Dans son article sur l'union bancaire et la surveillance prudentielle, Jörg Asmussen (BCE) souligne que le nouvel ensemble de règles et d'institutions doit être envisagé comme une réponse aux leçons de la crise. En effet, l'intensification et l'aggravation de la crise ont indéniablement mis en évidence le fait qu'une approche nationale ne permet pas de faire face à ces difficultés. Sur le plan macroprudentiel autant que microréglementaire, c'est plutôt une approche harmonisée qu'il fallait adopter d'urgence. Ces leçons ont été tirées dès la première phase de la crise, c'est-à-dire avant que les problèmes de dette souveraine n'apparaissent et n'accentuent considérablement les tensions. Il était nécessaire de procéder à un remaniement global de l'architecture financière de la zone euro. De fait, le Mécanisme de surveillance unique (MSU) doit être considéré comme partie intégrante d'un plan d'action plus ambitieux, exposé dans le rapport des quatre présidents (Conseil européen, Commission européenne, Eurogroupe, BCE) « Vers une véritable union économique et monétaire » (Barroso et al., 2012). La dimension institutionnelle et fonctionnelle du MSU est universelle, sinon il ne pourrait pas remplir son objectif : garantir un système bancaire sûr et solide au sein de la zone euro. Il est également nécessaire d'instaurer une coopération efficace avec la fonction macroprudentielle, qui est en réalité renforcée grâce au rôle de la BCE au sein du MSU. À court terme, le principal défi du MSU sera de gérer la préférence nationale (home bias). À moyen terme, cependant, il permettra une application cohérente et homogène des règles dans l'ensemble de la zone euro. Enfin, en tant que partie intégrante d'un ensemble d'institutions et de fonctions complémentaires, il ne peut fonctionner correctement qu'à condition que soient mis en place des mécanismes résistants de résolution, de restructuration et de garantie des dépôts.

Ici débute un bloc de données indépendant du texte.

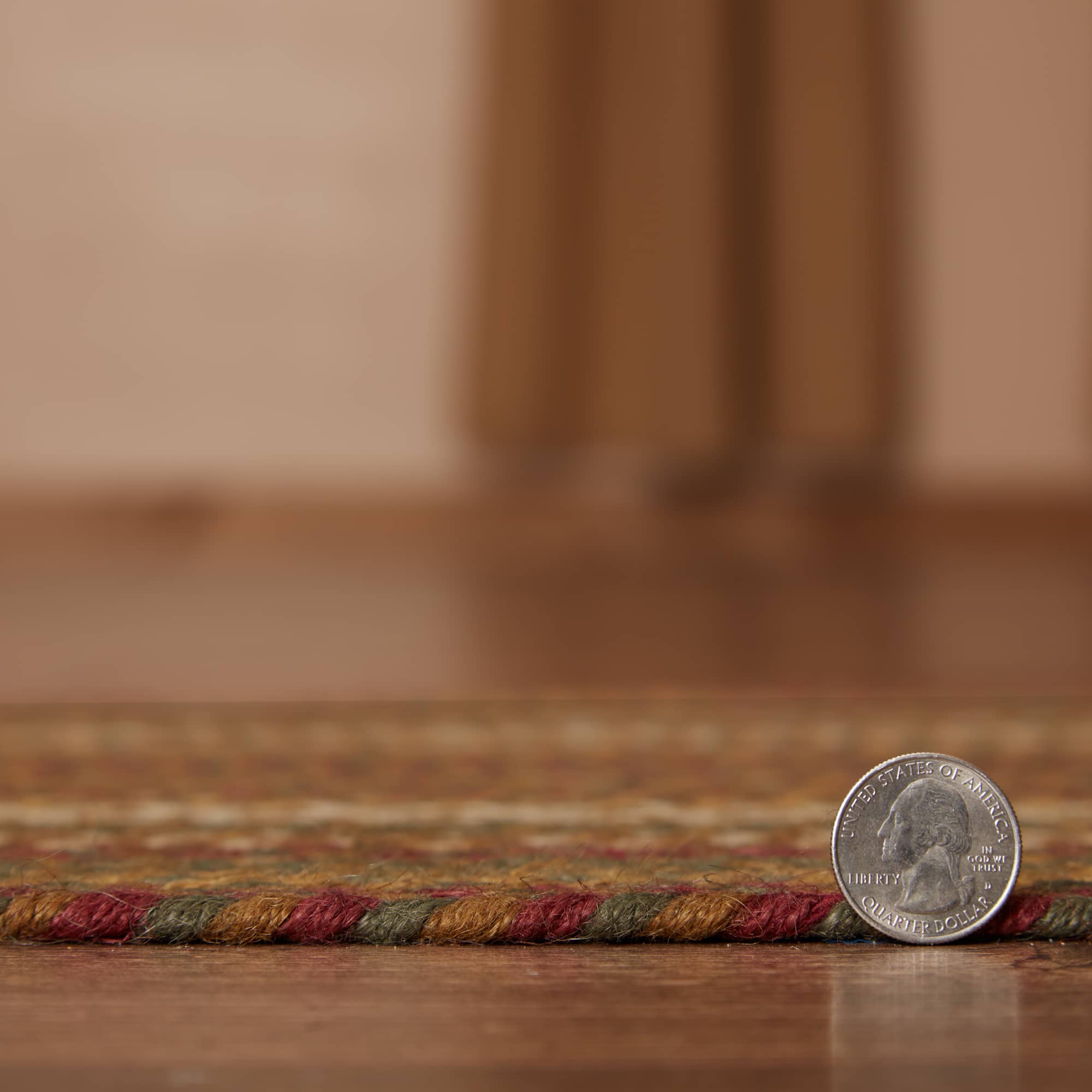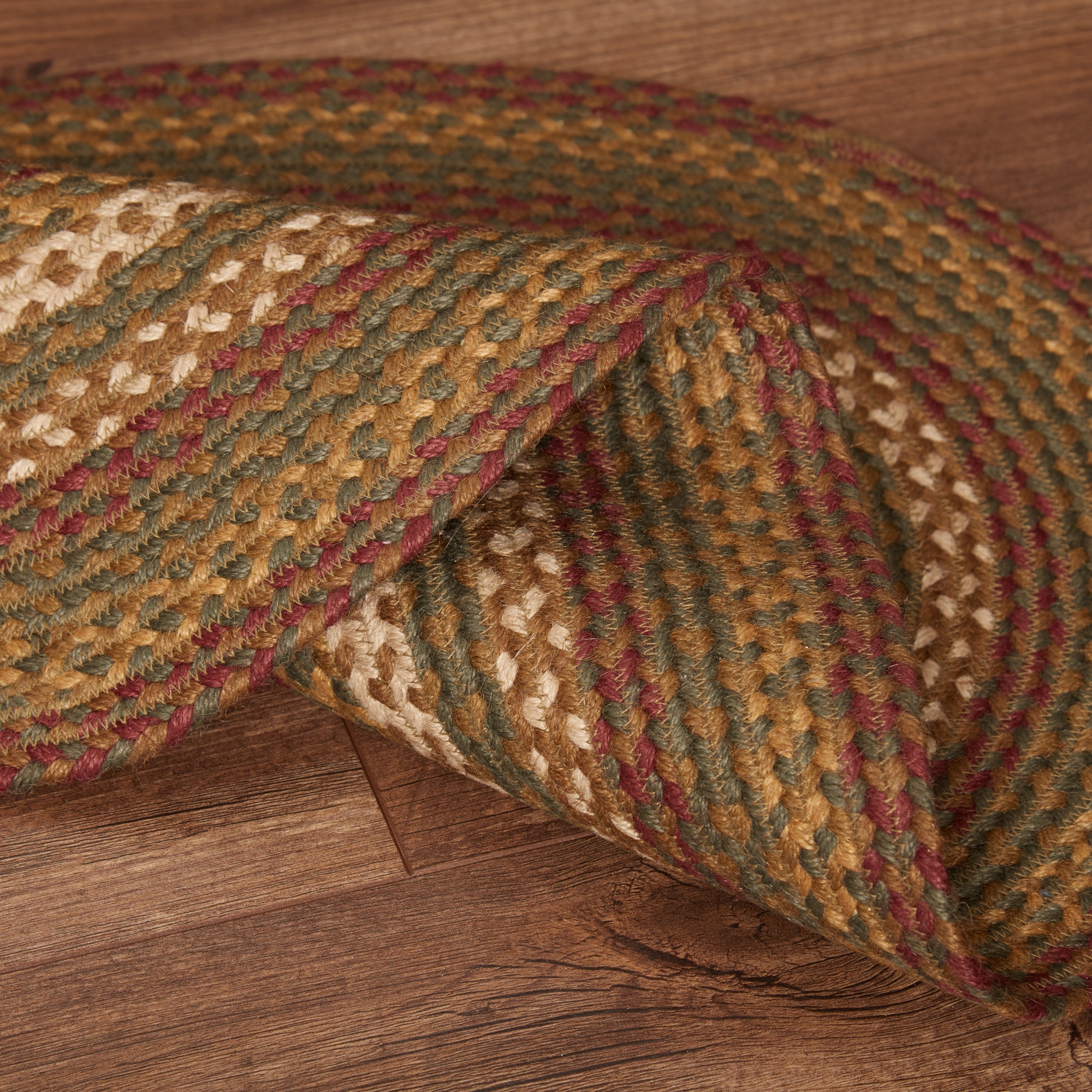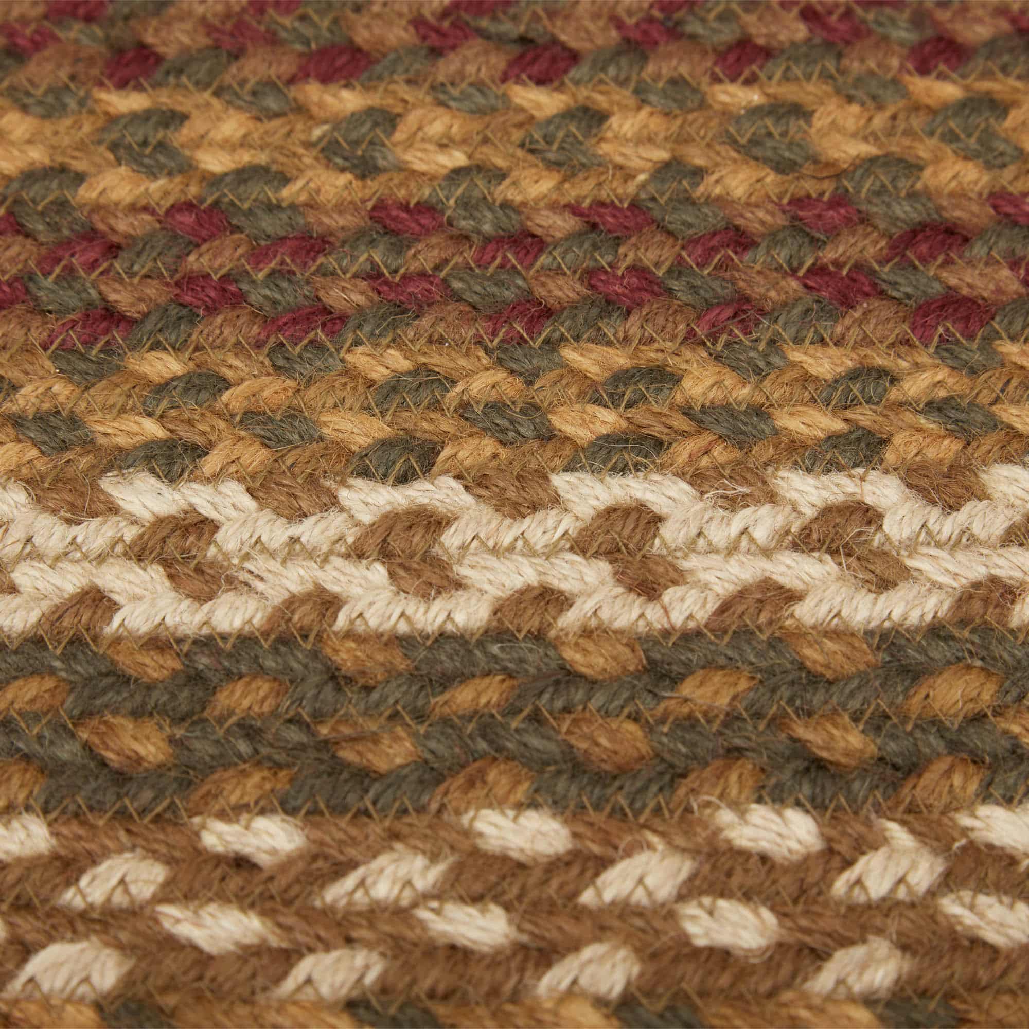 Tea Cabin Jute Rugs are a mix of burgundy, moss green, gold, yellow and light cream. Featuring concentric, mixed braids of moss green, crimson, and creme for a classic rustic, country look. This rug will be the perfect accent for your primitive country home. We will be happy to send you a sample of this pattern for a minimum charge to assist you in your selection.

Donato Masciandaro (université Bocconi) et María J. Nieto (Banque d'Espagne) observent en premier lieu que les écarts sur le plan de l'efficacité, dans un contexte où l'élaboration et l'application des règles sont décentralisées, ont entre-temps été pris en considération. Il a pourtant fallu une double crise – bancaire et souveraine – pour parvenir à la conclusion que l'européanisation, à savoir une surveillance centralisée de type MSU, était nécessaire. Ce changement de mentalité s'accompagnait également d'une nouvelle vision de la répartition appropriée des fonctions de politique monétaire et de surveillance. Si, en particulier pendant la « Grande Modération », une délimitation claire des fonctions primait, notamment pour des questions de gestion du risque présumé d'aléa moral, l'intégration des deux fonctions au sein d'une seule entité a regagné du terrain dans le contexte de la crise. Alors que les résultats des études empiriques n'étaient pas concluants, pour de nombreux responsables politiques, la nécessité de maîtriser et de gérer la crise avait indéniablement démontré que les avantages liés à l'information et aux économies d'échelle permettaient une approche plus efficace. Ce plaidoyer en faveur de la complémentarité de la politique monétaire et de la surveillance avait en fait déjà été formulé (Peek et al., 1999). Aujourd'hui, si l'on accepte que politique monétaire et surveillance sont, dans une certaine mesure, des éléments conjoints qui se soutiennent mutuellement, il faut néanmoins prendre soin de concevoir une institution adéquate. En Europe, cette tâche est évidemment plus complexe étant donné l'importance de la coordination avec les autorités de surveillance bancaire hors UEM (Espace économique européen). L'article traite en particulier des questions de gouvernance, à savoir l'indépendance (opérationnelle et budgétaire) et la transparence envers les autorités politiques concernées (Conseil de l'Union européenne et Parlement européen, mais également corps législatifs nationaux et Cour de justice de l'Union européenne). Le concept de transparence (tel que nous le connaissons au sein du débat sur la politique monétaire) doit être ajusté au regard de la nature de la surveillance et des implications éventuelles pour les contribuables.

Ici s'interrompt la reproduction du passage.